=== Information ===
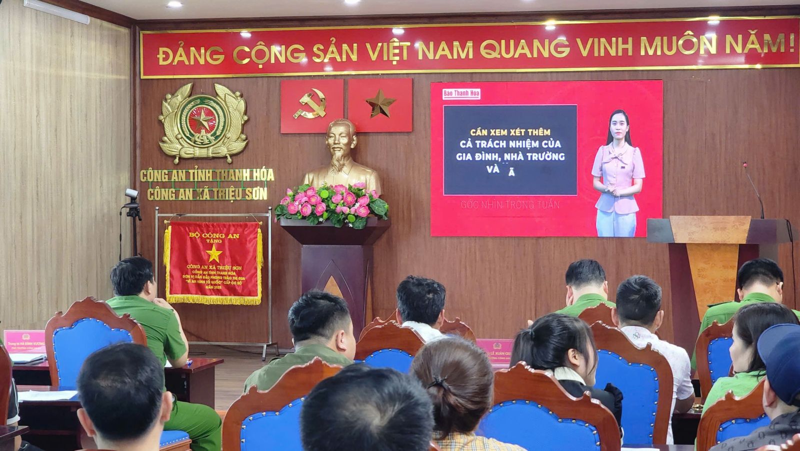 Công an xã Triệu Sơn vừa tổ chức hội nghị tuyên truyền, phổ biến pháp luật cho 50 cơ sở kinh doanh dịch vụ ăn uống, karaoke, internet rên địa bàn. Đây là hoạt động thiết thực nhằm nâng cao nhận thức, ý thức chấp hành pháp luật trong các tầng lớp nhân dân, đặc biệt là các cơ sở kinh doanh có điều kiện và nhóm thanh thiếu niên có nguy cơ vi phạm pháp luật.
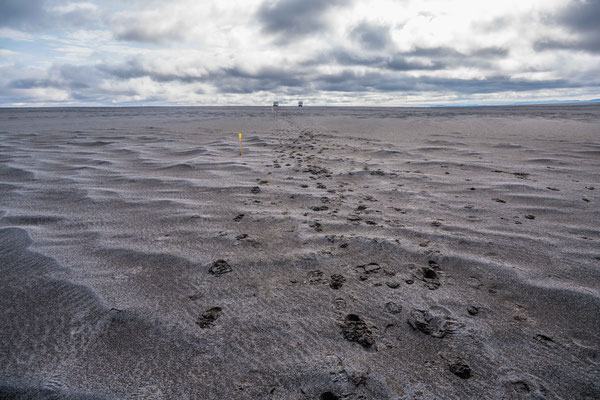 Am nächsten Morgen kauften wir uns das Zutrittsticket für die Schranke und fuhren die 4 km hinaus zur Hamburger Hallig. Der ehemalige Bauernhof, welcher heute als Restaurant geführt wird, liegt auf einem künstlich aufgeschütteten Hügel und ist somit weitgehend vor steigenden Fluten sicher. Nur bei Jahrhundertsturmfluten mussten die ursprünglichen Bewohner und ihr Vieh hinter den Deich evakuiert werden. Die ganzen Ebenen in Nordfriesland sind Teil eines Nationalparks und werden von unzähligen Gras- und Wasservögeln bevölkert.
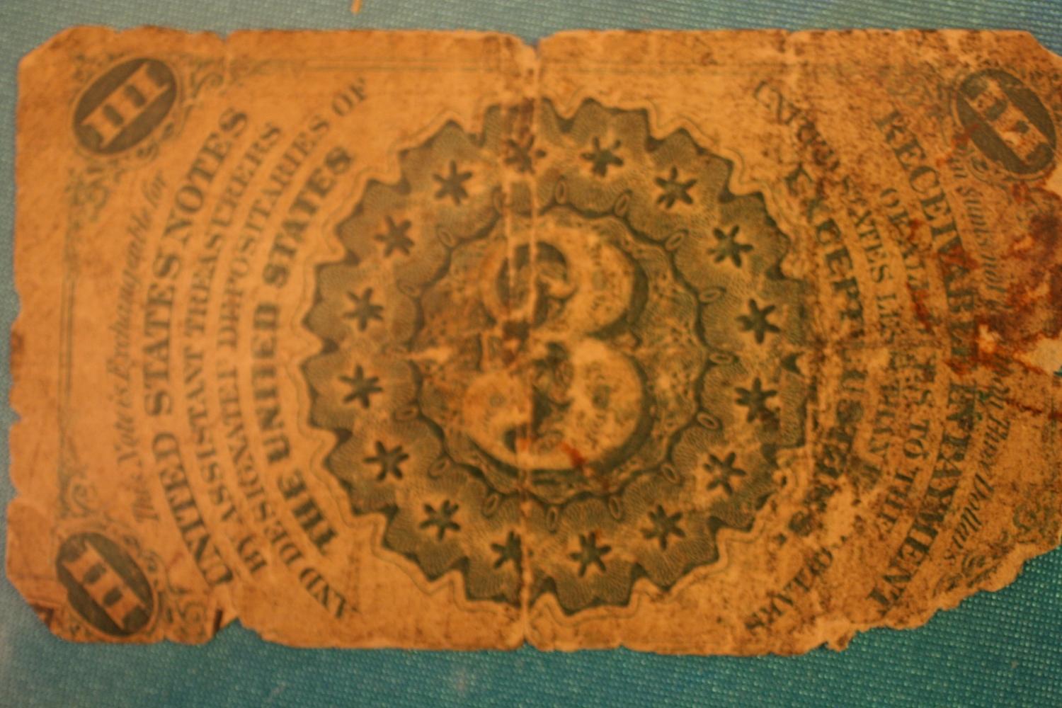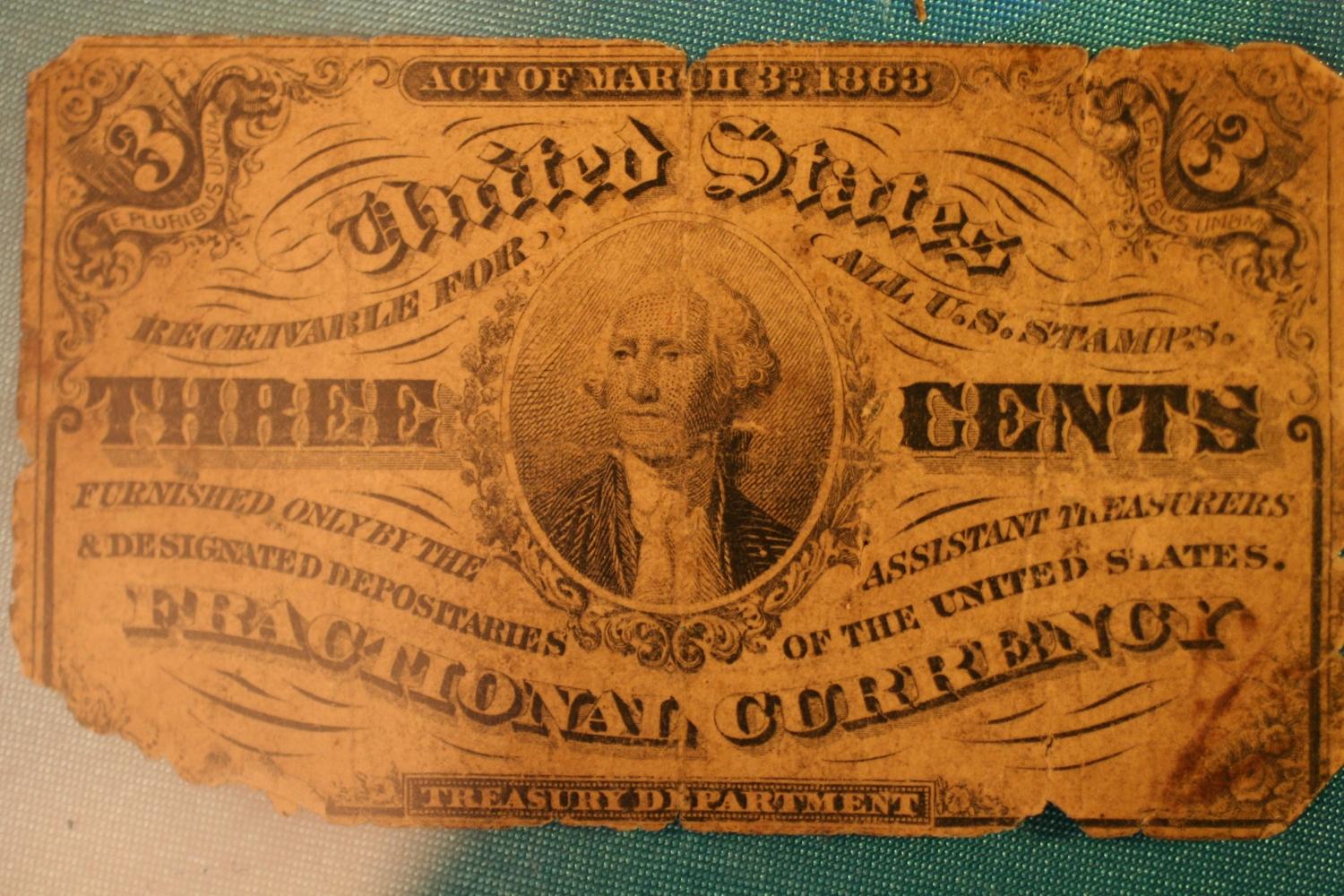 3 Cent Fractional Currency (Damaged)
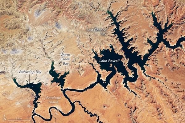 Straddling the border of southeastern Utah and northeastern Arizona, Lake Powell is the second largest reservoir by capacity in the United States. In July 2021, water levels on the lake fell to the lowest point since 1969 and have continued dropping. As of September 20, 2021, the water elevation at Glen Canyon Dam was 3,546.93 feet, more than 153 feet below “full pool” (elevation 3,700 feet). The lake held just 30 percent of its capacity. To compensate, federal managers started releasing water from upstream reservoirs to help keep Lake Powell from dropping below a threshold that threatens hydropower equipment at the dam.
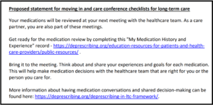 The proposed Statement for Admissions and Care Conferences Checklists is a way for LTC homes to encourage residents and their families to prepare for, and engage in, conversations about their medications upon admission to the home and during care conferences. This statement is an example of text that can be included in a LTC home’s admission and care conference checklists.
===
**Requirement**
The answer consists solely of the lines from the one holding "Straddling the border" through the last line of the entries above, set down verbatim, without any pictures.

**Result**
 Straddling the border of southeastern Utah and northeastern Arizona, Lake Powell is the second largest reservoir by capacity in the United States. In July 2021, water levels on the lake fell to the lowest point since 1969 and have continued dropping. As of September 20, 2021, the water elevation at Glen Canyon Dam was 3,546.93 feet, more than 153 feet below “full pool” (elevation 3,700 feet). The lake held just 30 percent of its capacity. To compensate, federal managers started releasing water from upstream reservoirs to help keep Lake Powell from dropping below a threshold that threatens hydropower equipment at the dam.
 The proposed Statement for Admissions and Care Conferences Checklists is a way for LTC homes to encourage residents and their families to prepare for, and engage in, conversations about their medications upon admission to the home and during care conferences. This statement is an example of text that can be included in a LTC home’s admission and care conference checklists.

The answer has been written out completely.